POR SEGUNDO LLORENTE, S.J.

PRELIMINARES HISTORICOS

Las lanchas Balleneras

Al estudiar el estado religioso y social de los eskimales, que viven desparramados por las costas del mar glacial desde la desembocadura del Yukon hasta la del río Mackenzie, en el norte del Canadá, nos encontramos con que la mayor catástrofe que visitó a estos indígenas fue el haberse puesto en contacto con las expediciones balleneras antes que con ninguna otra clase de hombres blancos.

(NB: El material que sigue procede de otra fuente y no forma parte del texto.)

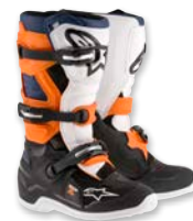
BLACK ORANGE WHITE BLUE // 1427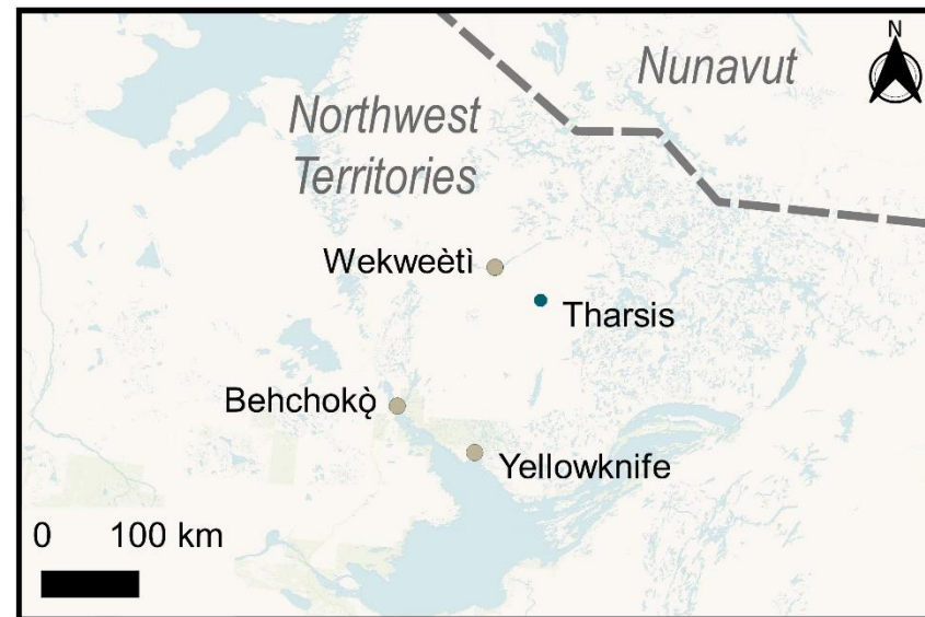
Figure 1 Location of the Tharsis Property.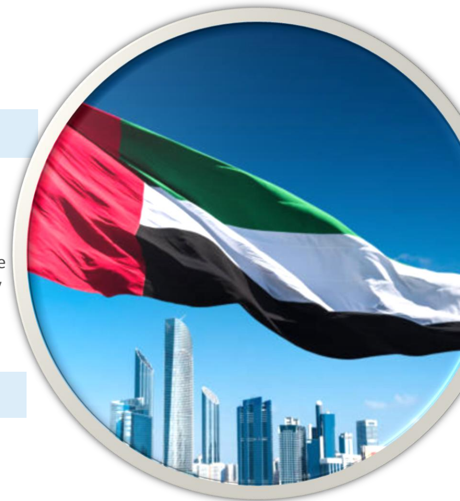
United Arab Emirates flag with towers skyline

The UN Convention says that persons with disabilities have the same rights as everyone else. It also tells how countries can protect these rights.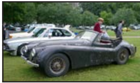
Essence of a barn find, or a restoration waiting many years to begin.

But among the 30,000 people expected to visit that day, there were some really interesting stories. For instance, while chatting with a group of three older gentlemen, I commented on the breadth of cars at the show and mentioned that they went from a 2018 Ferrari, obviously in excellent condition, to a 1953 Jaguar XK120SE barn find in unrestored condition. One of the fellows commented that the Jag was originally his car, bought for $400.00 in 1960 with the intention of restoring it over the years. But it never happened and life caught up to him. He no longer had the interest, time or energy to actually tackle the project. So, he recently had given the car to a relative who was intent on the restoration, again someday. By the way, the car won second place in the British Class. Pretty cool.

Los blancos de aquellas expediciones fueron para ellos seres misteriosos, como los soldados de Cortés para los indios mejicanos. La diferencia, sin embargo, está en que Cortés rezaba las horas de Nuestra Señora en un librito que llevaba siempre en el bolsillo, mientras que los capitanes de los barcos balleneros eran individuos desalmados, más voraces que vampiros y de conciencias anchas como los mares que navegaban.

La vida en las lanchas balleneras no era vida de recreo. La dureza y privaciones de aquella vida se hicieron tan proverbiales en las costas del Pacífico, que se hizo punto menos que imposible reclutar expedicionarios, a pesar de los salarios ultra-pingües que se ofrecían. Entonces se acudió a un proceso de reclutamiento tan bárbaro que difícilmente habrá sido superado desde los días de Nabucodonosor y Ciro.

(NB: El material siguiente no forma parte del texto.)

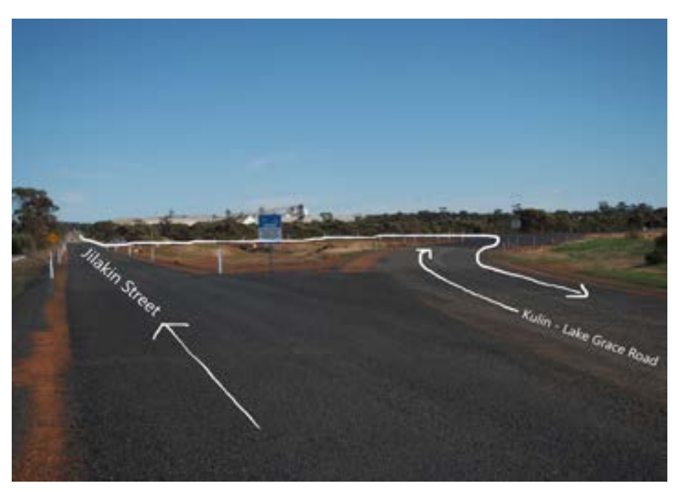
Intersection Jilakin Street / Kulin - Lake Grace Road

Cuando el barco estaba ya listo en la bahía de San Francisco de California y no quedaba más que la dotación de mozos vigorosos, los oficiales visitaban las tabernas ele la ciudad y emborrachaban a veinte treinta, cincuenta o cuantos se necesitasen para el proyectado viaje.

A estos mozos vagabundos, con bigotes ensortijados, que escupían por el colmillo y vivían de atracos y borracheras, una vez embriagados hasta perder el conocimiento, los metían en coches y de los coches los descargaban en la cubierta del barco como si fueran fardos de sal.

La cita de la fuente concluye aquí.